Statistics can reveal real patterns, but the same numbers can also be arranged to create a false impression. A graph with a cut off axis, a survey with biased wording, or an average chosen without context can make a weak claim look strong. Learning how statistics can mislead helps you judge news, ads, research summaries, and social media claims.
The goal is not to distrust all data, but to ask better questions about how the data were collected and displayed.
Most statistical deception happens by hiding context, changing scale, or selecting only the evidence that supports a conclusion. A critical reader checks the sample size, sampling method, question wording, graph axes, and whether the statistic matches the claim. Mean, median, and mode can each tell a different story when data are skewed or contain outliers.
Good statistical reasoning compares like with like, shows uncertainty, and explains the full data source.
Key Facts
- Mean = sum of all values / number of values
- Median = middle value when data are ordered from least to greatest
- Range = maximum value - minimum value
- Percent change = (new value - old value) / old value x 100%
- A larger sample is usually more reliable only if it is representative of the population.
- Graphs can mislead when axes are truncated, units are unclear, or unequal intervals are used.
Vocabulary
- Sample
- A sample is the smaller group measured in order to learn about a larger population.
- Bias
- Bias is a systematic error that pushes results away from the truth in a particular direction.
- Cherry picking
- Cherry picking is selecting only the data that support a claim while ignoring data that weaken it.
- Outlier
- An outlier is a data value that is much higher or lower than most other values in the set.
- Correlation
- Correlation is a relationship between two variables, but it does not by itself prove that one causes the other.
Common Mistakes to Avoid
- Trusting a graph without checking the axis, because a cut off y-axis can make a small difference look dramatic.
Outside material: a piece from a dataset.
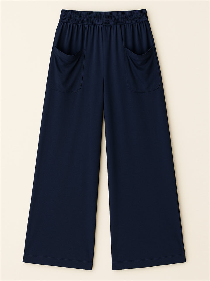 Be the first to review “Simple Solid Color Pockets Elastic Hight Waist Wide Leg Pants for Women”

- Using the mean for highly skewed data, because one or two extreme values can pull the mean far away from a typical value.
- Believing a survey result without checking the sample, because a large sample can still be misleading if it comes from the wrong group.
- Treating correlation as causation, because two variables can move together due to coincidence, a hidden third variable, or reverse cause.
Practice Questions
- 1 A bar chart shows sales increasing from 48 to 52 units, but the y-axis starts at 45 instead of 0. What is the actual percent increase in sales?
- 2 The incomes in a group are 24,000, 26,000, and $250,000. Find the mean and median income. Which one better represents a typical person in the group?
- 3 A website claims that 90% of people support a new product based on a poll of visitors who chose to answer. Explain two reasons this claim may be misleading.